Invitation To Knock?

Republished Case Commentary  // Image(s) added // Emphasis added

Full case –  Citation:R v Rogers, 2016 SKCA 105 (CanLII), <http://canlii.ca/t/gt25h>, retrieved on 2016-09-25

Invitation To Knock? Depends If You Are Investigating Or Searching…


John Rogers backed into another vehicle. He was intoxicated when he did so. Someone noticed. Rogers left the scene but the police were called. The police obtained the licence plate of the vehicle Rogers was driving and went to the address of the registered owner. The officer entered the apartment complex at that address and knocked on the door. Rogers answered. As the officer spoke to Rogers standing at the door he formed grounds to arrest Rogers for impaired driving.

At trial Rogers argued that the officer violated his section 8 rights by approaching his door. The trial judge agreed and excluded the evidence obtained therefrom. The Crown appealed: 2016 SKCA 105.

The Saskatchewan Court of Appeal dismissed the Crown’s appeal.

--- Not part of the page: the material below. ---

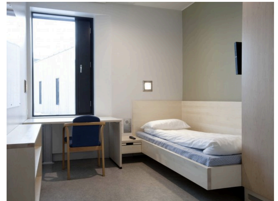
▶ Norwegia - Więzienie Halden

The court accepted the Crown’s position on the law as follows:

Crown counsel on appeal submits that it is settled law that the police do not exceed the implied licence to knock simply because they are intent on investigating a potential criminal offence. He submits further that a police officer who is looking for information or evidence about a suspected offence, or even about an actual offence, which the police officer has reasonable grounds to believe has been committed, is not conducting a “search” for s. 8 purposes for that reason alone. In support of this proposition, he relies upon Laurin; R v Vu, 1999 BCCA 182 (CanLII), 133 CCC (3d) 481, leave to appeal to SCC refused [1999] SCCA No 330 (QL) [Vu]; R v Grotheim, 2001 SKCA 116 (CanLII), 161 CCC (3d) 49 [Grotheim]; R v Petri, 2003 MBCA 1 (CanLII), 171 CCC (3d) 553 [Petri]; and Van Wyk. He states that all of the officers in these cases were looking for information and evidence about possible or actual crimes but none of them violated s. 8 simply because they approached a residence and knocked on the door in an effort to further their investigation. [Para 27].

The court rejected the notion, however, that the implied invitation to knock included situations where the police approach “with the intention of gathering evidence about the state of an occupant’s sobriety” [para 28]. The court acknowledged that the line between “investigation” and “searching” is a difficult one to draw but insisted it must be drawn:

There are numerous other applications of the implied licence to knock principle from all levels of court. Often, the line between when the police intend to investigate a crime and when they intend to secure evidence in relation to it is not easy to perceive; but, in my view, none of the appellate authorities stand for the proposition urged upon us by the Crown in this appeal that the Court can ignore the express purpose of the police in approaching a dwelling house. [Para 46].

In the end the court noted that the trial judge made the “critical finding” that the officer attended the Rogers’ residence “for the purpose of…obtaining evidence against” him. In such a case the officers exceeded the implied invitation to knock: see Evans, 1996 CanLII 248 (SCC).

This is indeed the critical finding. In Fowler, 2006 NBCA 90 the Court of Appeal noted that the trial judge, in that case, made the critical finding that the officers attended Fowler’s residence for the purpose of communicating with him. That finding resulted in no breach.

Notably, the Ontario Court of Appeal in Lotozky, 2006 CanLII 21041 (ONCA) recognized that the “fact that the police officer intends to pursue an investigation” of impaired driving “does not in my view exceed the bounds of the implied invitation” [Lotozky at para 35]. While the “entry” in that case was onto the driveway, the principles surrounding the implied invitation to knock remain the same. Where the officer had “a legitimate basis” for the entry – the investigation of a criminal offence – the entry was permissible.

The law surrounding this issue is nuanced. The distinctions are fine. Attending one’s dwelling for the purpose of “investigating” an impaired driving offence is permissible conduct under the implied invitation. Attending for the purpose of “searching” is not.